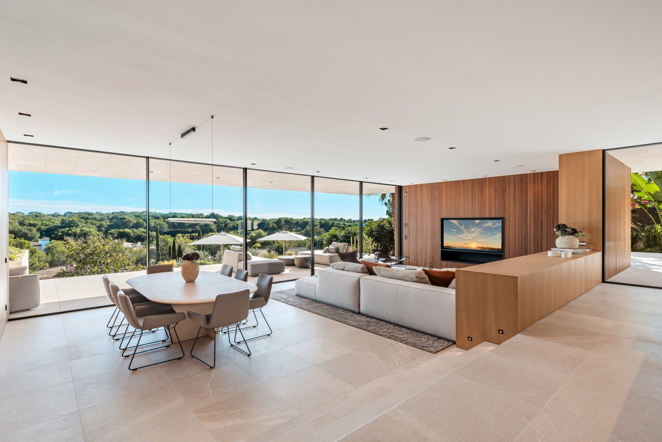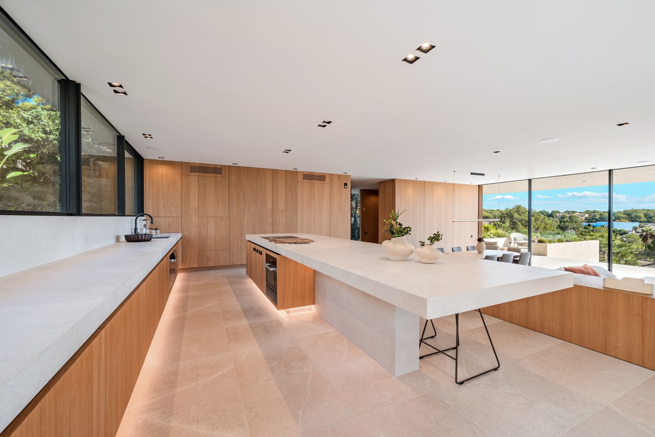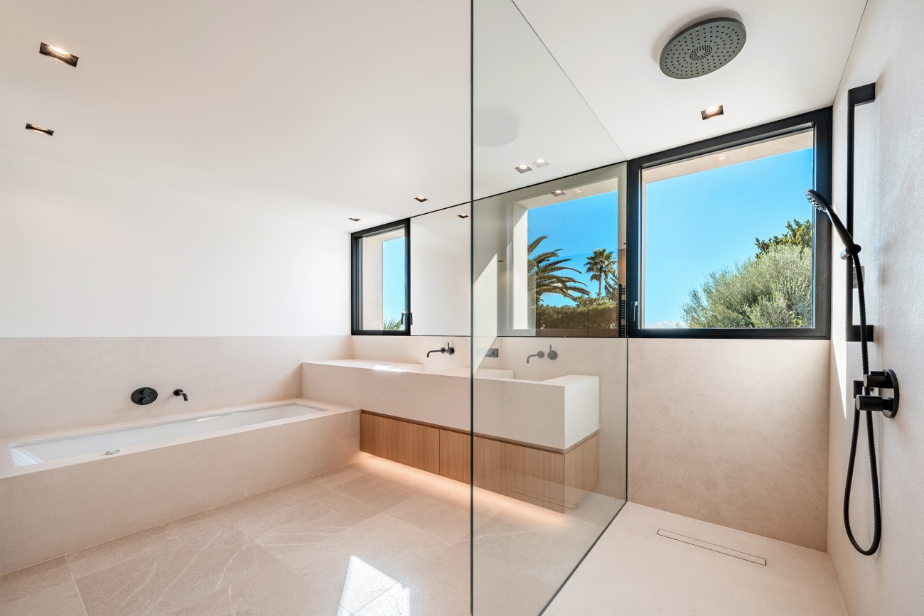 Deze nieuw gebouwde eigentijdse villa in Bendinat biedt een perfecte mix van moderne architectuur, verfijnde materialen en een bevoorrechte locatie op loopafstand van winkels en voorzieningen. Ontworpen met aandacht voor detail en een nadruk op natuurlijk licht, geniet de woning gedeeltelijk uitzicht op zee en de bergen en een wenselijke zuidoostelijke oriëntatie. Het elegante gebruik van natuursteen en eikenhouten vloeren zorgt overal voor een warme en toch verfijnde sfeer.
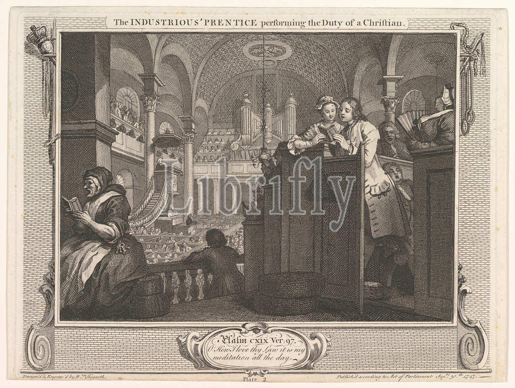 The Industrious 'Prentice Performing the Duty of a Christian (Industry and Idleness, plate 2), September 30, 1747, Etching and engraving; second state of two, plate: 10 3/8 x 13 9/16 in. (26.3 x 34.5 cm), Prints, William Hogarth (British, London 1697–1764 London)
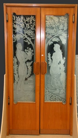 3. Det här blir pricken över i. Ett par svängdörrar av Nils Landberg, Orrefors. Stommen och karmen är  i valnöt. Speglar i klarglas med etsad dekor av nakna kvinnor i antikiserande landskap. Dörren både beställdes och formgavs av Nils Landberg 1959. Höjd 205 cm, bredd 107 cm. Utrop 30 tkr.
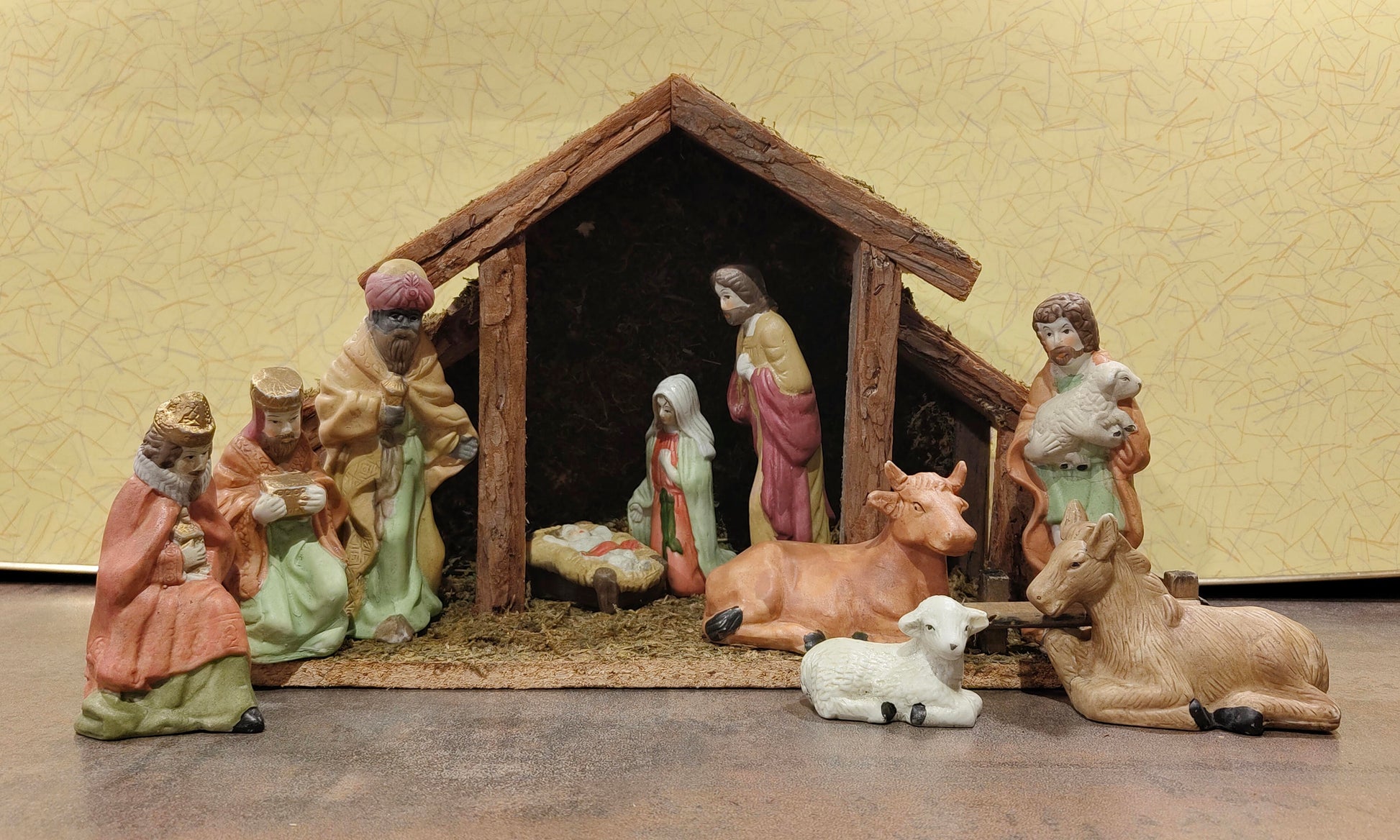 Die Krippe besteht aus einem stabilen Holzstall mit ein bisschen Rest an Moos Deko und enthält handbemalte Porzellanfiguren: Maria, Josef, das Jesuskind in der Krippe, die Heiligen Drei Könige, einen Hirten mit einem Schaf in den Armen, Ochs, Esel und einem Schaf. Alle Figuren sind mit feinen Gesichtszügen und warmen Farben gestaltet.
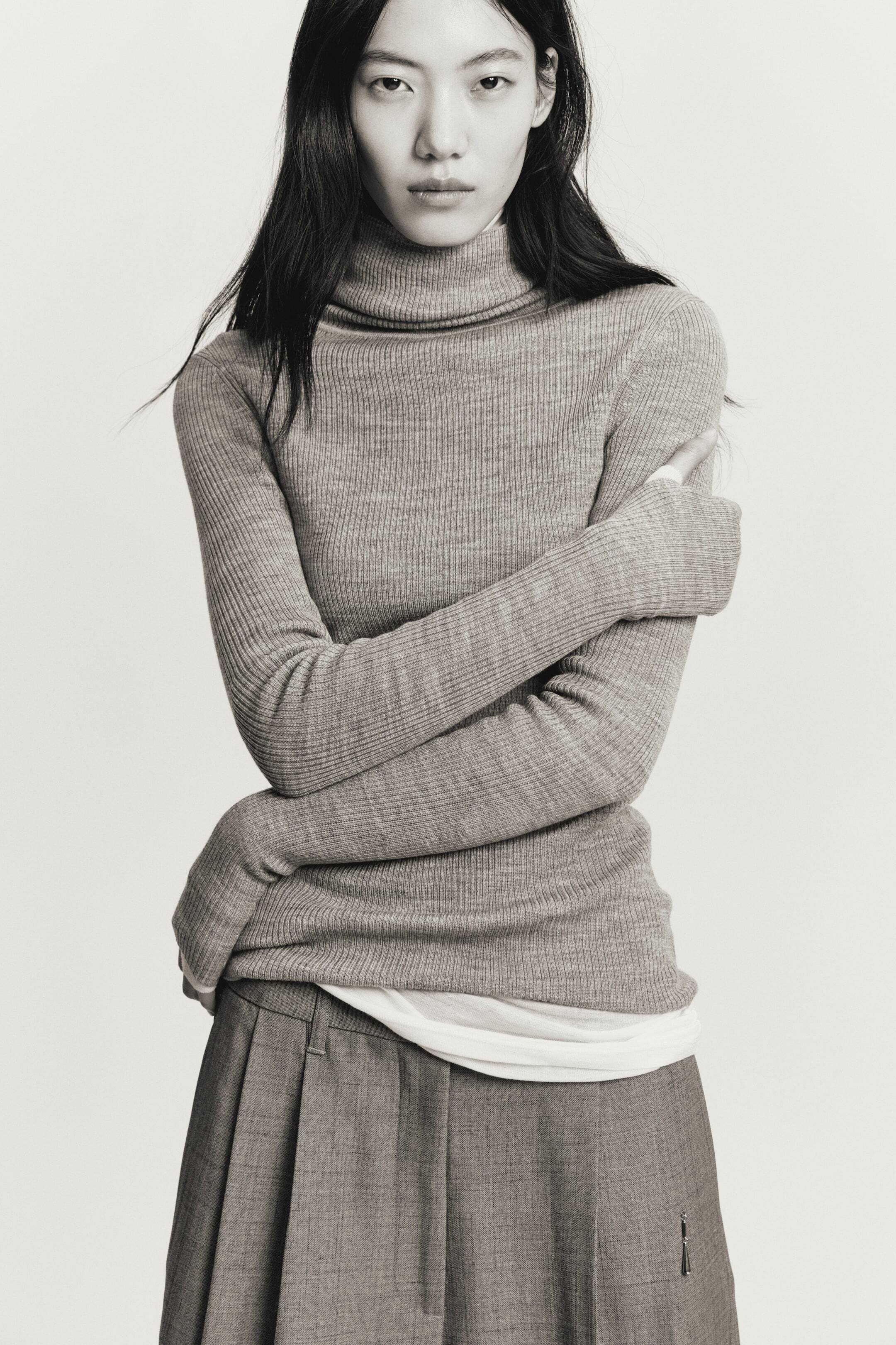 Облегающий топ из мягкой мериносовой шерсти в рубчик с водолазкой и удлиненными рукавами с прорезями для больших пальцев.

:::::

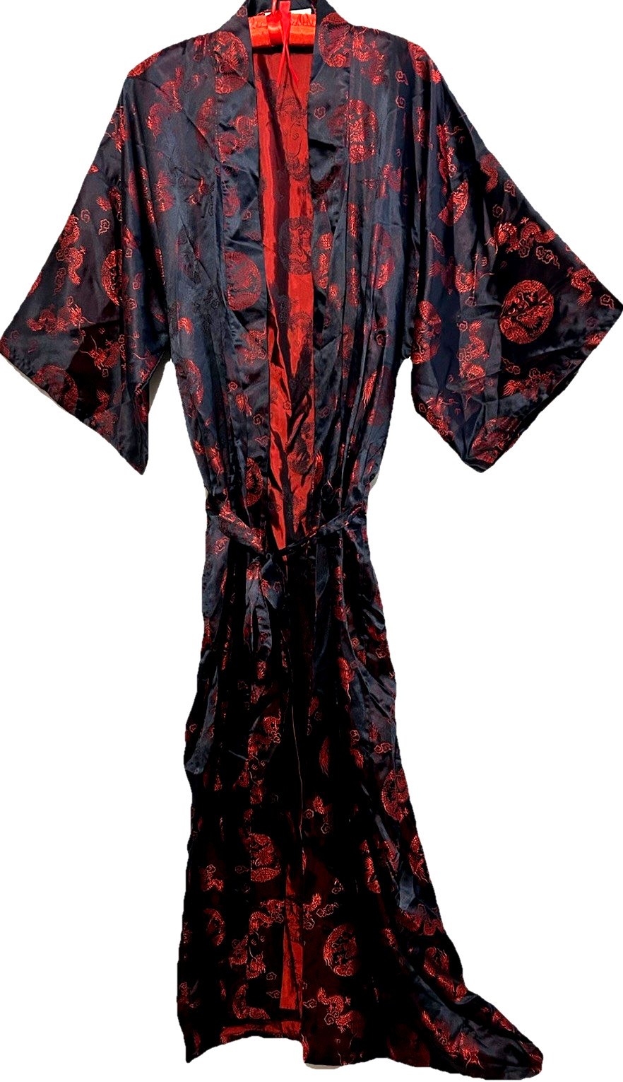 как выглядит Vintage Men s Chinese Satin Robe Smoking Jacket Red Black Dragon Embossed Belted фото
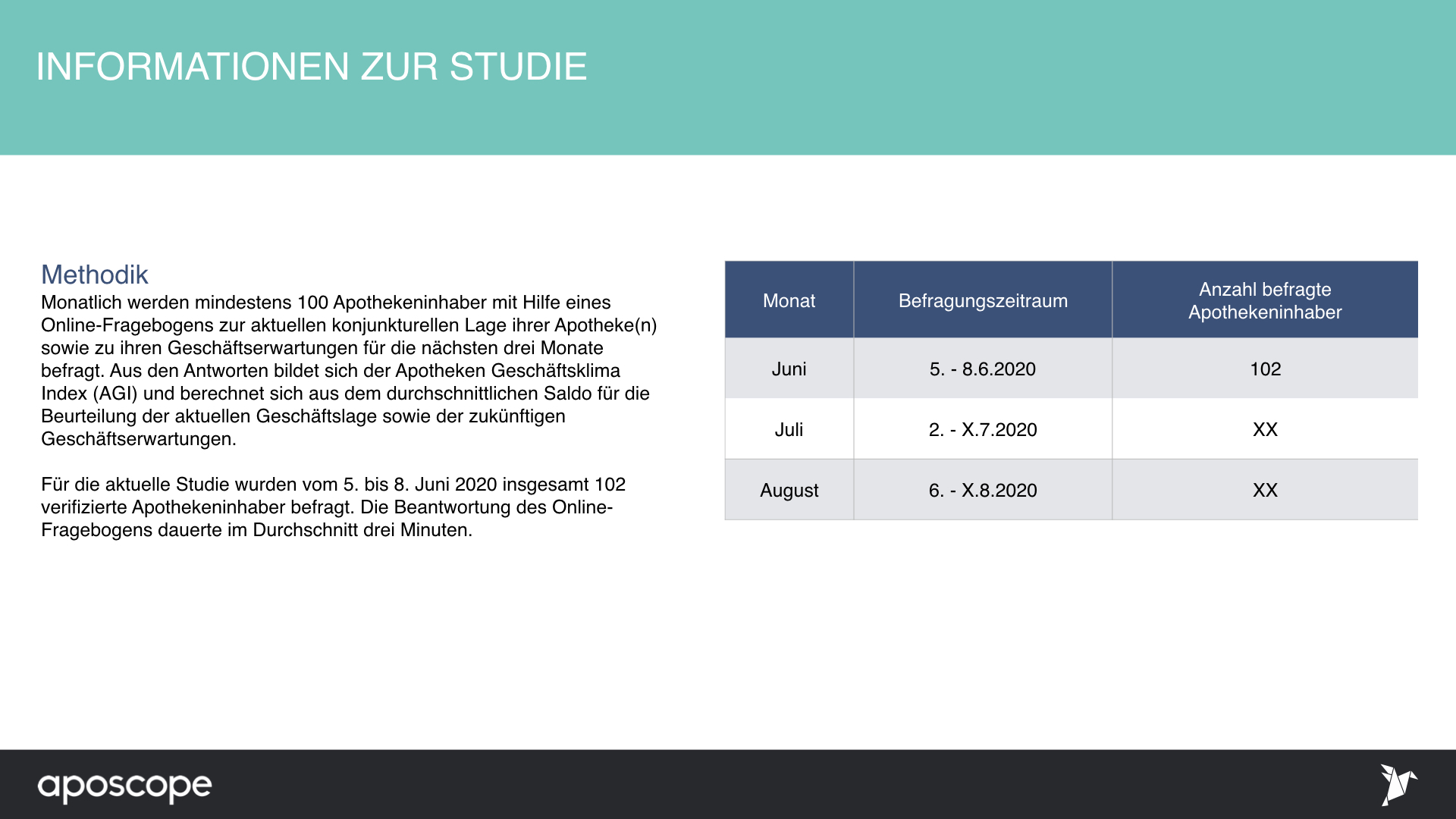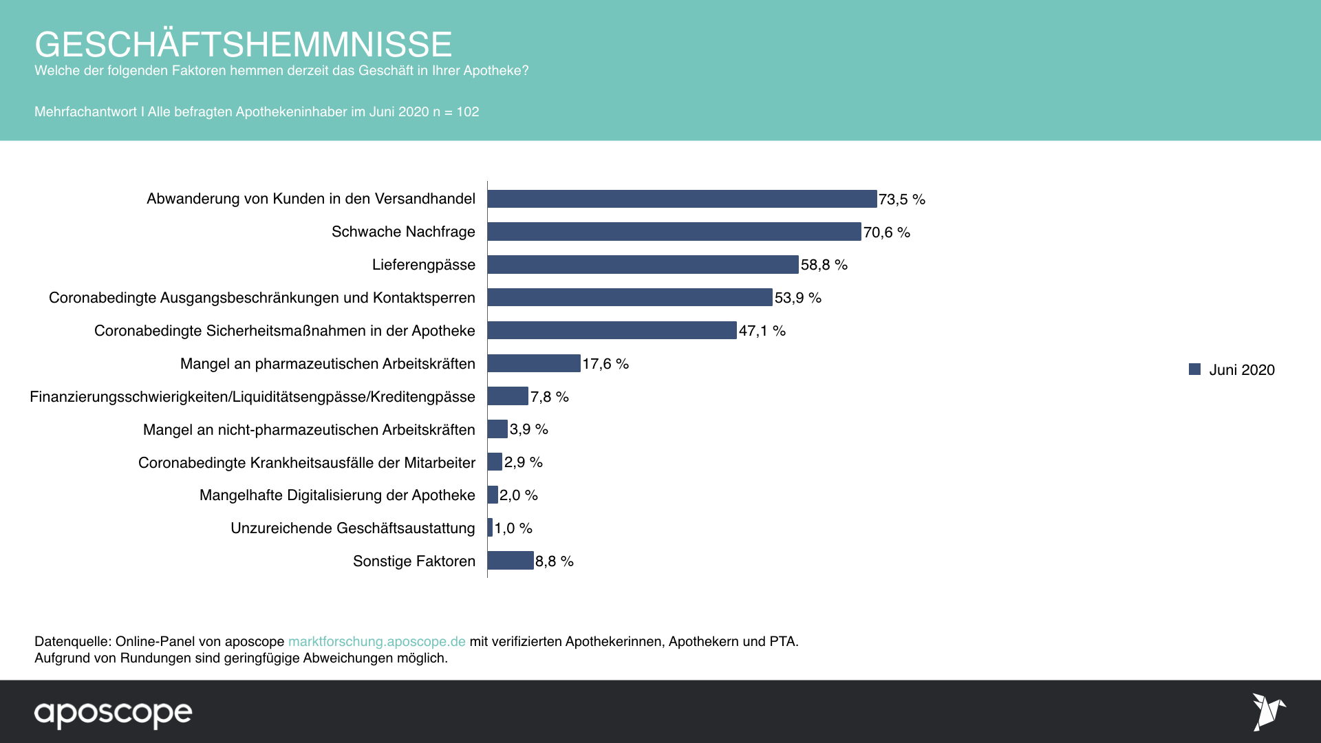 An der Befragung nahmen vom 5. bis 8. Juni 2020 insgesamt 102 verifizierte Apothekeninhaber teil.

:::::

* **Task objective**:
Each line above from the one containing "как выглядит Vintage" through the one containing "An der Befragung" is to be returned verbatim. Nothing else, and no pictures.

* **Solution to this task**:
 как выглядит Vintage Men s Chinese Satin Robe Smoking Jacket Red Black Dragon Embossed Belted фото
 An der Befragung nahmen vom 5. bis 8. Juni 2020 insgesamt 102 verifizierte Apothekeninhaber teil.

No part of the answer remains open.